Leave the pictures out. Return the rest of the listing below exactly.

### DATA IN THIS EXERCISE
------------------------------

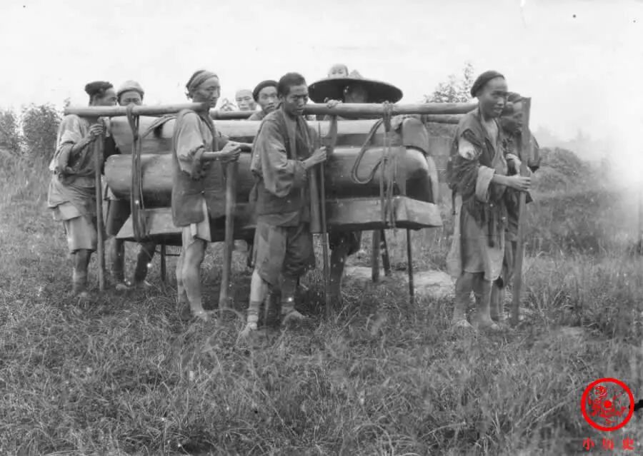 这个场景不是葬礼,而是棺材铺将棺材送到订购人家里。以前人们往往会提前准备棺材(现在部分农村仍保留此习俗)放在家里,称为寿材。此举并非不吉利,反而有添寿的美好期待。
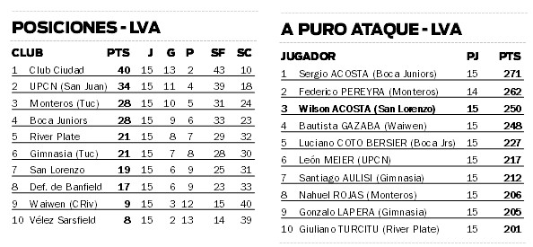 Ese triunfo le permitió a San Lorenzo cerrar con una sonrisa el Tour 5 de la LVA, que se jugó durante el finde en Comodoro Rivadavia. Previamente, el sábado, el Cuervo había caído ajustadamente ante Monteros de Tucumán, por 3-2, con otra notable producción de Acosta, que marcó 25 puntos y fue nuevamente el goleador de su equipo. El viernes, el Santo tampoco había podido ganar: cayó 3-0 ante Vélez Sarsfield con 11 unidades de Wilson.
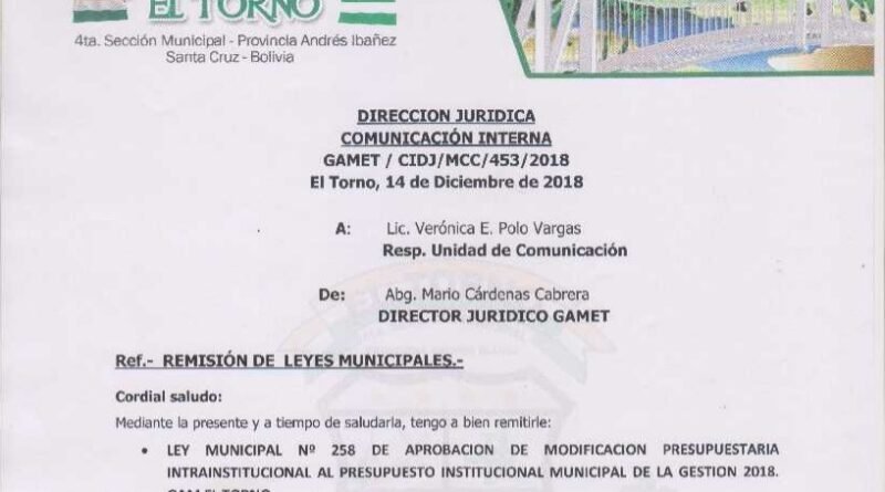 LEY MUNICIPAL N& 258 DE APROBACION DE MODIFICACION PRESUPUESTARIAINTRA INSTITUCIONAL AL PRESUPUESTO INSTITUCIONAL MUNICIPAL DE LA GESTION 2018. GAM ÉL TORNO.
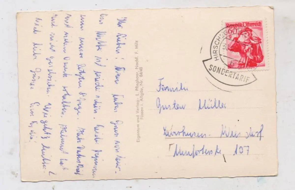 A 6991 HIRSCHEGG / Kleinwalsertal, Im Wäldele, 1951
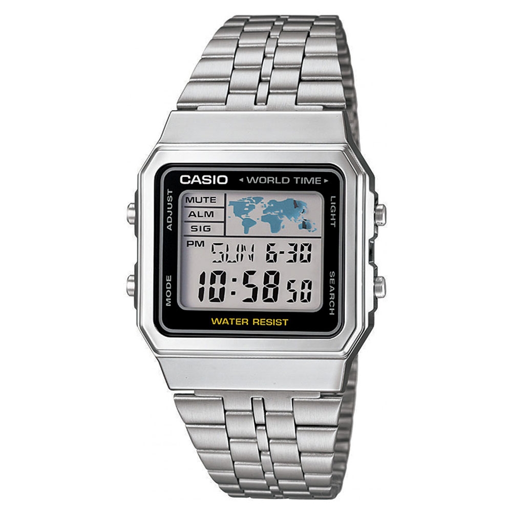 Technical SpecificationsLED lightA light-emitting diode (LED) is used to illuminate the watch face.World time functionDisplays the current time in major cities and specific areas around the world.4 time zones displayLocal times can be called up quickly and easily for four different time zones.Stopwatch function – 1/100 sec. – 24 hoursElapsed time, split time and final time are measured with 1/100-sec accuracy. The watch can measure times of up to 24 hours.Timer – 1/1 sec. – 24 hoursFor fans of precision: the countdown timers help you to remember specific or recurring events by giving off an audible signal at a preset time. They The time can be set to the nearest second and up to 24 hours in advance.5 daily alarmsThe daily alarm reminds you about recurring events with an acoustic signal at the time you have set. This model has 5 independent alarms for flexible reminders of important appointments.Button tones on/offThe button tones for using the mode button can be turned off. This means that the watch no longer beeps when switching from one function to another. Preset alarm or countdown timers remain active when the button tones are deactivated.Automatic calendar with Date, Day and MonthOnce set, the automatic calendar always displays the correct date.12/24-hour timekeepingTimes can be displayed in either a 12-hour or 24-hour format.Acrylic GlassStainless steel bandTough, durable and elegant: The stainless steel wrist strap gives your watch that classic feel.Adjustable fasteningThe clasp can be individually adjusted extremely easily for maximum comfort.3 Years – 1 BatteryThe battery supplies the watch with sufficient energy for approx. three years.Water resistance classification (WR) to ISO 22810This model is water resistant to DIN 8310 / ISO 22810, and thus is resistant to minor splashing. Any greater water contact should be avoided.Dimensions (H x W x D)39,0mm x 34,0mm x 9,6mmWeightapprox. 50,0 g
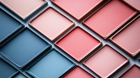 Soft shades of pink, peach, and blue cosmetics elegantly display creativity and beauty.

------------------------------

### EXERCISE SOLUTION
 这个场景不是葬礼,而是棺材铺将棺材送到订购人家里。以前人们往往会提前准备棺材(现在部分农村仍保留此习俗)放在家里,称为寿材。此举并非不吉利,反而有添寿的美好期待。
 Ese triunfo le permitió a San Lorenzo cerrar con una sonrisa el Tour 5 de la LVA, que se jugó durante el finde en Comodoro Rivadavia. Previamente, el sábado, el Cuervo había caído ajustadamente ante Monteros de Tucumán, por 3-2, con otra notable producción de Acosta, que marcó 25 puntos y fue nuevamente el goleador de su equipo. El viernes, el Santo tampoco había podido ganar: cayó 3-0 ante Vélez Sarsfield con 11 unidades de Wilson.
 LEY MUNICIPAL N& 258 DE APROBACION DE MODIFICACION PRESUPUESTARIAINTRA INSTITUCIONAL AL PRESUPUESTO INSTITUCIONAL MUNICIPAL DE LA GESTION 2018. GAM ÉL TORNO.
 A 6991 HIRSCHEGG / Kleinwalsertal, Im Wäldele, 1951
 Technical SpecificationsLED lightA light-emitting diode (LED) is used to illuminate the watch face.World time functionDisplays the current time in major cities and specific areas around the world.4 time zones displayLocal times can be called up quickly and easily for four different time zones.Stopwatch function – 1/100 sec. – 24 hoursElapsed time, split time and final time are measured with 1/100-sec accuracy. The watch can measure times of up to 24 hours.Timer – 1/1 sec. – 24 hoursFor fans of precision: the countdown timers help you to remember specific or recurring events by giving off an audible signal at a preset time. They The time can be set to the nearest second and up to 24 hours in advance.5 daily alarmsThe daily alarm reminds you about recurring events with an acoustic signal at the time you have set. This model has 5 independent alarms for flexible reminders of important appointments.Button tones on/offThe button tones for using the mode button can be turned off. This means that the watch no longer beeps when switching from one function to another. Preset alarm or countdown timers remain active when the button tones are deactivated.Automatic calendar with Date, Day and MonthOnce set, the automatic calendar always displays the correct date.12/24-hour timekeepingTimes can be displayed in either a 12-hour or 24-hour format.Acrylic GlassStainless steel bandTough, durable and elegant: The stainless steel wrist strap gives your watch that classic feel.Adjustable fasteningThe clasp can be individually adjusted extremely easily for maximum comfort.3 Years – 1 BatteryThe battery supplies the watch with sufficient energy for approx. three years.Water resistance classification (WR) to ISO 22810This model is water resistant to DIN 8310 / ISO 22810, and thus is resistant to minor splashing. Any greater water contact should be avoided.Dimensions (H x W x D)39,0mm x 34,0mm x 9,6mmWeightapprox. 50,0 g
 Soft shades of pink, peach, and blue cosmetics elegantly display creativity and beauty.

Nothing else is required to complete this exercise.